- Opening Delimiter -
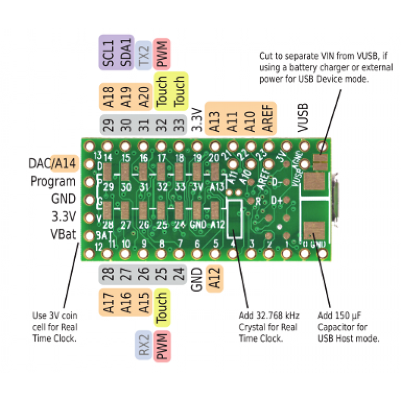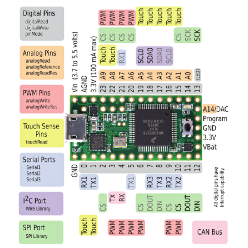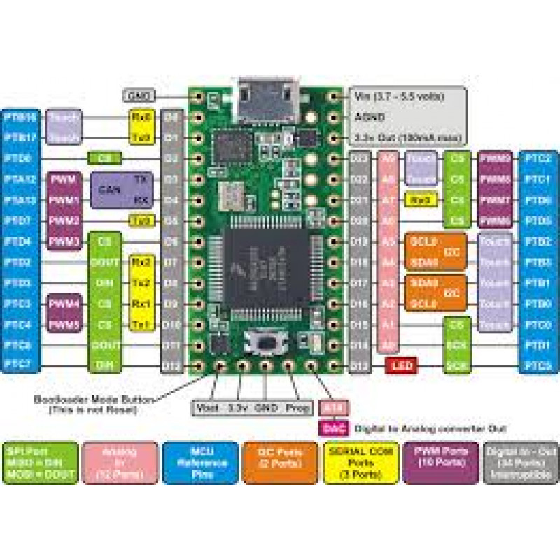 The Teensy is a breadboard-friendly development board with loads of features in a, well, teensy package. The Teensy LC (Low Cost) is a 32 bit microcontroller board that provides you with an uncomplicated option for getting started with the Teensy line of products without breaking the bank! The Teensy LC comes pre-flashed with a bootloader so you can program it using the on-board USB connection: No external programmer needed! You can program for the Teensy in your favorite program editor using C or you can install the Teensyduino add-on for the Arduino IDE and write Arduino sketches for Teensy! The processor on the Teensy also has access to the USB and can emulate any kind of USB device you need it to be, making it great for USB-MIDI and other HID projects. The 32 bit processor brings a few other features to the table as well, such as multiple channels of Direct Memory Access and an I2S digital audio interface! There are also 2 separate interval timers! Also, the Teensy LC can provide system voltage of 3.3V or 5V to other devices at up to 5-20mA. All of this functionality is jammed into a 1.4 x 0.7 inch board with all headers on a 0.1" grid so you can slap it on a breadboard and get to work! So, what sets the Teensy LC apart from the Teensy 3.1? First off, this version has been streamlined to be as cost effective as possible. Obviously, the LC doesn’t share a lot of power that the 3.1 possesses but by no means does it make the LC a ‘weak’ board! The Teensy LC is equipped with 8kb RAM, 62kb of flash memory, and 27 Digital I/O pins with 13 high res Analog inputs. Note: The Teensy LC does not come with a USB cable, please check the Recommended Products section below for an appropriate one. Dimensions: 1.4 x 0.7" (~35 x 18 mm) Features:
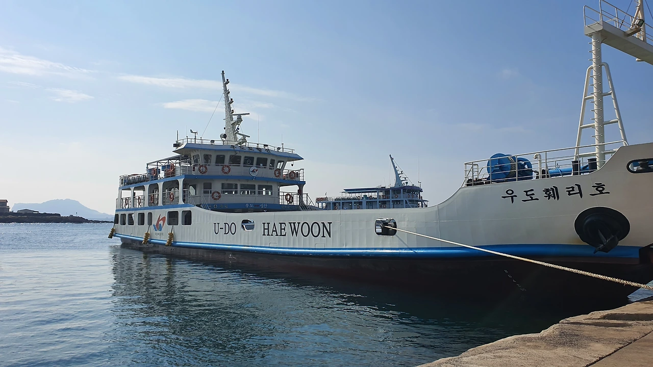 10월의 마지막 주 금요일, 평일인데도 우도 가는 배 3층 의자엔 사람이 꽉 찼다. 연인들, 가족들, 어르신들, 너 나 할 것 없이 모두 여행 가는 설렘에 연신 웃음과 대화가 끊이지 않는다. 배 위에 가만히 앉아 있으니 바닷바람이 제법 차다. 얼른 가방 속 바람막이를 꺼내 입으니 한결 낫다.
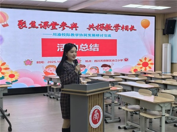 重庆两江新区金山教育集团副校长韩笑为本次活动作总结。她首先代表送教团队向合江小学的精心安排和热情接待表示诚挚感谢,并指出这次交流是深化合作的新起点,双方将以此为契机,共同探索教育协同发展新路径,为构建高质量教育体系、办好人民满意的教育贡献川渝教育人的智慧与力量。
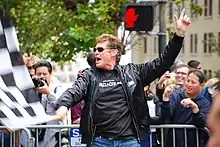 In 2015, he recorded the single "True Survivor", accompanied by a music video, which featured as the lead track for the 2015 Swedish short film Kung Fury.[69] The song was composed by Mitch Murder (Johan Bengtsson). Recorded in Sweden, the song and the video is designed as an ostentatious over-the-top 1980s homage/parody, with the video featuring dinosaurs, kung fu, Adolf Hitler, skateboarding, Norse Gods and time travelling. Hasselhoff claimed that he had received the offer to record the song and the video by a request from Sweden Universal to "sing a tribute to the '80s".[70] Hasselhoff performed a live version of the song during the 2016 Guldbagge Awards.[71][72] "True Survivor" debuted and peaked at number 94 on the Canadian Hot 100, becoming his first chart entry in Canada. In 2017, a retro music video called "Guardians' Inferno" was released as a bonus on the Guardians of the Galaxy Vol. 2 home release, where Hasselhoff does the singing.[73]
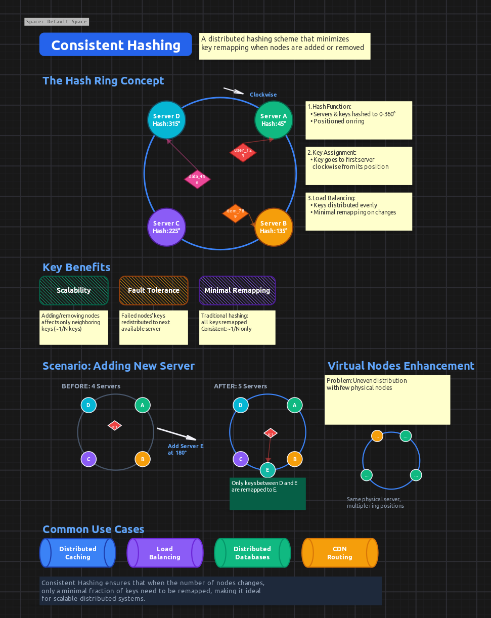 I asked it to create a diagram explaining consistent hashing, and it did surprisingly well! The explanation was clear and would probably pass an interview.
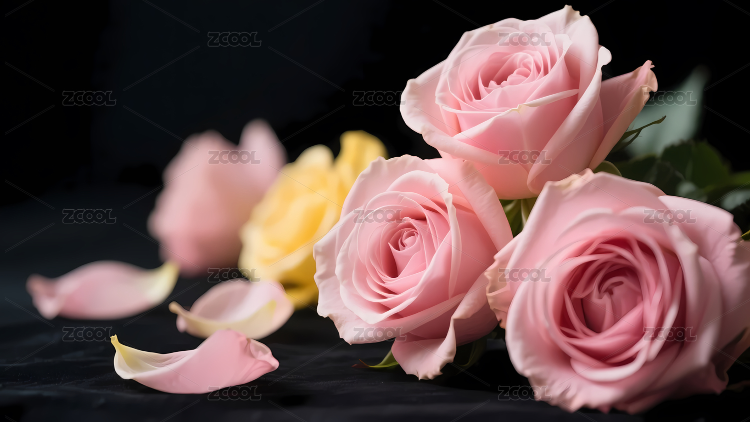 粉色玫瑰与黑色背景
- Closing Delimiter -
* WHAT TO DO *
Beginning with the first entry above, reproduce every line verbatim until the line with "10월의 마지막 주 금요일, 평일인데도", which is included too; omit pictures.

* ANSWER SECTION *
 The Teensy is a breadboard-friendly development board with loads of features in a, well, teensy package. The Teensy LC (Low Cost) is a 32 bit microcontroller board that provides you with an uncomplicated option for getting started with the Teensy line of products without breaking the bank! The Teensy LC comes pre-flashed with a bootloader so you can program it using the on-board USB connection: No external programmer needed! You can program for the Teensy in your favorite program editor using C or you can install the Teensyduino add-on for the Arduino IDE and write Arduino sketches for Teensy! The processor on the Teensy also has access to the USB and can emulate any kind of USB device you need it to be, making it great for USB-MIDI and other HID projects. The 32 bit processor brings a few other features to the table as well, such as multiple channels of Direct Memory Access and an I2S digital audio interface! There are also 2 separate interval timers! Also, the Teensy LC can provide system voltage of 3.3V or 5V to other devices at up to 5-20mA. All of this functionality is jammed into a 1.4 x 0.7 inch board with all headers on a 0.1" grid so you can slap it on a breadboard and get to work! So, what sets the Teensy LC apart from the Teensy 3.1? First off, this version has been streamlined to be as cost effective as possible. Obviously, the LC doesn’t share a lot of power that the 3.1 possesses but by no means does it make the LC a ‘weak’ board! The Teensy LC is equipped with 8kb RAM, 62kb of flash memory, and 27 Digital I/O pins with 13 high res Analog inputs. Note: The Teensy LC does not come with a USB cable, please check the Recommended Products section below for an appropriate one. Dimensions: 1.4 x 0.7" (~35 x 18 mm) Features:
 10월의 마지막 주 금요일, 평일인데도 우도 가는 배 3층 의자엔 사람이 꽉 찼다. 연인들, 가족들, 어르신들, 너 나 할 것 없이 모두 여행 가는 설렘에 연신 웃음과 대화가 끊이지 않는다. 배 위에 가만히 앉아 있으니 바닷바람이 제법 차다. 얼른 가방 속 바람막이를 꺼내 입으니 한결 낫다.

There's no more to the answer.